Incident Review: Gitaly is down on gitaly-04-stor-gprd.c.gitlab-gitaly-gprd-83fd.internal
INC-649: Gitaly is down on gitaly-04-stor-gprd.c.gitlab-gitaly-gprd-83fd.internal
Generated by Florian Forster on 2 May 2025 12:07. All timestamps are local to Etc/UTC
Key Information
| Metric | Value |
|---|---|
| Customers Affected | 3385 |
| Requests Affected | 39644 |
| Incident Severity | Severity 2 |
| Impact Start Time | Fri, 02 May 2025 09:22:00 UTC |
| Impact End Time | Fri, 02 May 2025 11:35:00 UTC |
| Total Duration | 2 hours, 8 minutes |
| Link to Incident Issue | #19754 (closed) |
Requests Affected
Total impacted requests: 39644.
Customers Affected
Total customers impacted: 3385
Top impacted users and projects (ranked by impacted requests)
| Top impacted users | Top impacted projects |
|---|---|
![]() |
![]() |
Support impact
4 Support tickets were raised by the customers.
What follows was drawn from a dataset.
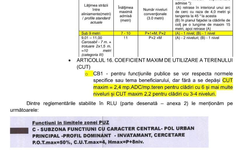 NECONCORDANȚE LA NIVEL DE PUZ (între partea desenată și cea scrisă) Valoarea coeficientului CUT: – în partea scrisă: CUT maxim = 2,4 mp.ADC/mp.teren pentru clădiri cu 6 și mai multe niveluri și CUT maxim 2,2 pentru clădiri cu 3-4 niveluri. – în partea desenată: CUT maxim = 4

Search query in Zendesk
Summary
Problem: Gitaly is down on gitaly-04-stor-gprd.c.gitlab-gitaly-gprd-83fd.internal.
Impact: Customers using this host cannot access their Git repositories.
Causes: An application-level configuration change was made one day before the incident see details. This change targeted two nodes in the gprd Gitaly fleet, including the affected node. After the configuration update, the host began experiencing heavy disk activity and gradual memory buildup. When the incident started, the Gitaly server became memory saturated and unresponsive and stopped accepting requests.
Response strategy: We worked to identify the root cause. Our initial hypothesis wrongly suggested a GCP host networking issue. We spent time examining GCP logs, checking migration events, and trying to contact GCP support. Later, we correctly identified that a configuration change caused the problem. We then focused our efforts on rolling back and reapplying the configuration, which effectively resolved the issue.
What went well?
- I highly appreciated the coordination of incident responders. The whole team, including IMOC, SRE on-call, Gitaly on-call, and CMOC collaborated smoothly and efficiently while investigating the root cause.
- We developed multiple hypotheses and gathered data to verify them quickly.
- Eventually, we identified the root cause and resolved the incident successfully.
What was difficult?
- The rollout issue associated with this incident was incorrectly classified as C3 instead of C2. This meant it didn't receive enough attention or announcements as it should have. During the incident, IMOC, on-call SREs, and Gitaly team members were unaware of these changes.
- The timing of the rollout was inconvenient (during a public holiday).
- Incident responders couldn't access the affected host after migrating our Gitaly node to the new project structure. We spent significant time figuring out how to SSH to these nodes to trigger the startup script, which was an essential part of the rollback instructions documented in the rollout issue.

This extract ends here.